We are a lost generation, desperately clinging to anything that feels real, but too afraid to become it ourselves. We are a defeated generation, resigned to the hypocrisy of those before us, who once sang songs of rebellion and now sell them back to us. We are the last generation, a culmination of all previous things, destroyed by the vapidity that surrounds us. The hipster represents the end of Western civilization – a culture so detached and disconnected that it has stopped giving birth to anything new.
 
after reading the whole article, i am still confused on what is a hipster...but it was a good and rather funny read.

are hipsters knowledgeable? do they read classic literature or watch classic films?

during almost every generation, there are those who bash the youth. but decades later, someone will always write some sort of article commenting on the same generation of youth that got bashed to be original and brave and 'stood for something'. isnt this just the same cycle over and over again.

i dont get why we have to give birth to something new? i think people are so used to the rapid growth of everything in the 20th century that it is expected of every generation to come up with something brilliantly different than the last.

it is such a normal phase for kids now days to recycle everything that happened in the past century because we can access to these information easily. who knows what sort of higher information age we will reach in the next decades.
in decades before the kids can't do what can today because their technology and society was limited to their resources and kids from decades to come wont do exactly what we are doing now because their technology will be beyond what we have now and probably pass the 'recycle' stage. therefore it makes us unique in the retrospective. nothing is really extraordinary when it is happening right now.

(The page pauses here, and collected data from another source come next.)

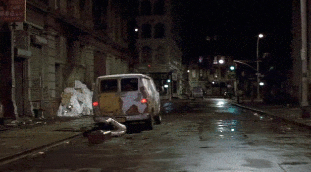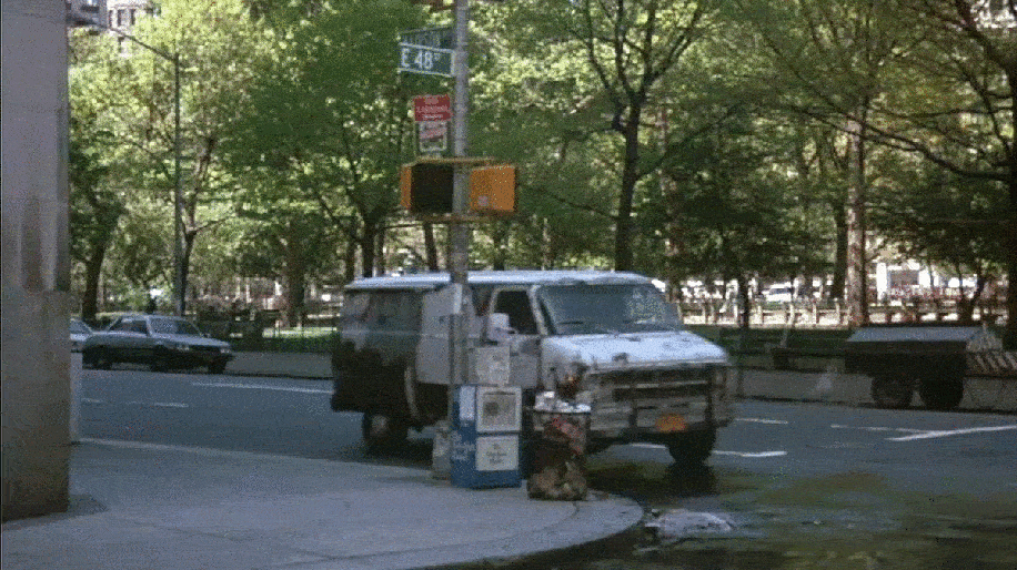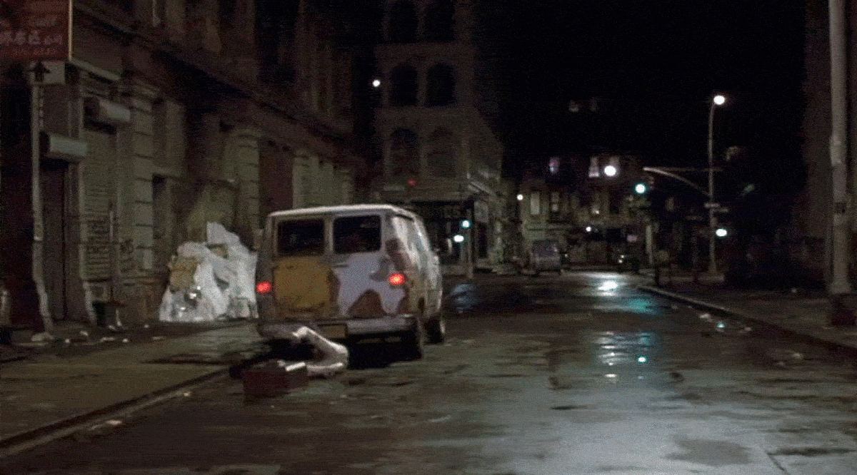 Neil and Pepe drop the statue and TV and speed off in their van towards Broadway.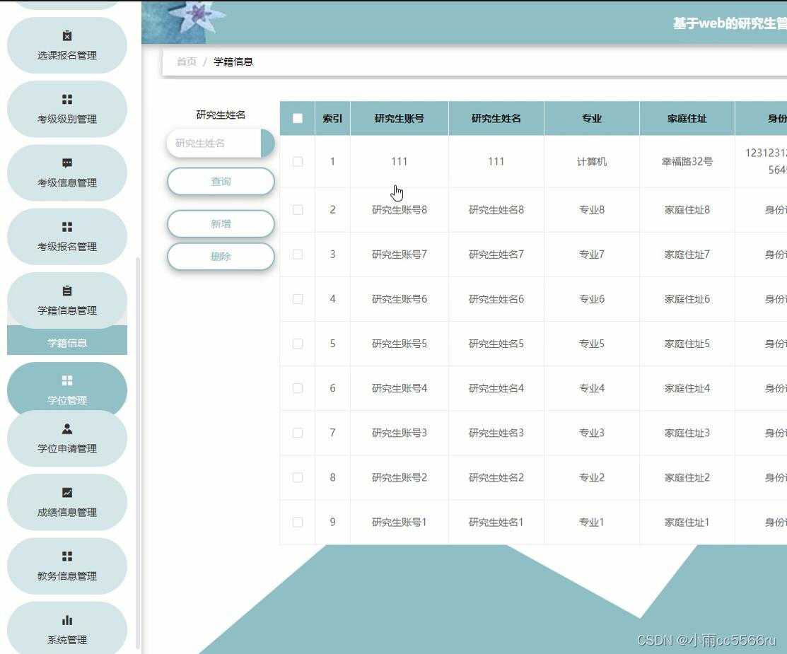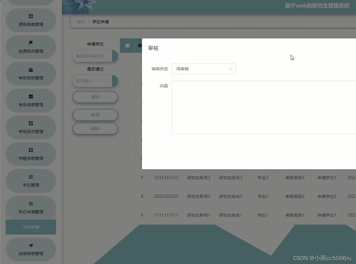 后台管理端主要功能为:首页,个人中心,研究生管理,导师管理,导师信息管理,课程分类管理,课程信息管理,选课信息管理,考级级别管理,考级信息管理,考级报名管理,学籍信息管理,学位管理,学位申请管理,成绩信息管理,教务信息管理,系统管理等功能。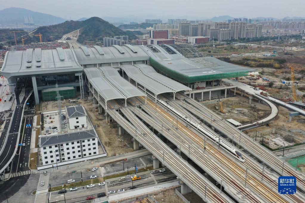 1月8日,从嵊州新昌站开出的杭台高铁首发列车停靠台州站后驶出,开往温岭方向(无人机照片)。新华社记者 黄宗治 摄

so what if hipsters dress the same, listen to the same music and etc etc and have no individually. people didnt complain about this to kids from decades before did they? i mean, isnt that the whole point of defining a group of people...that they have do everything on the same line.

im not even sure if im on the hipster side of the other side but this whole 'hipster has to die' or any other 'so&so "culture" is revolting to my sensibility , therefore it has to end' is rather ridiculous.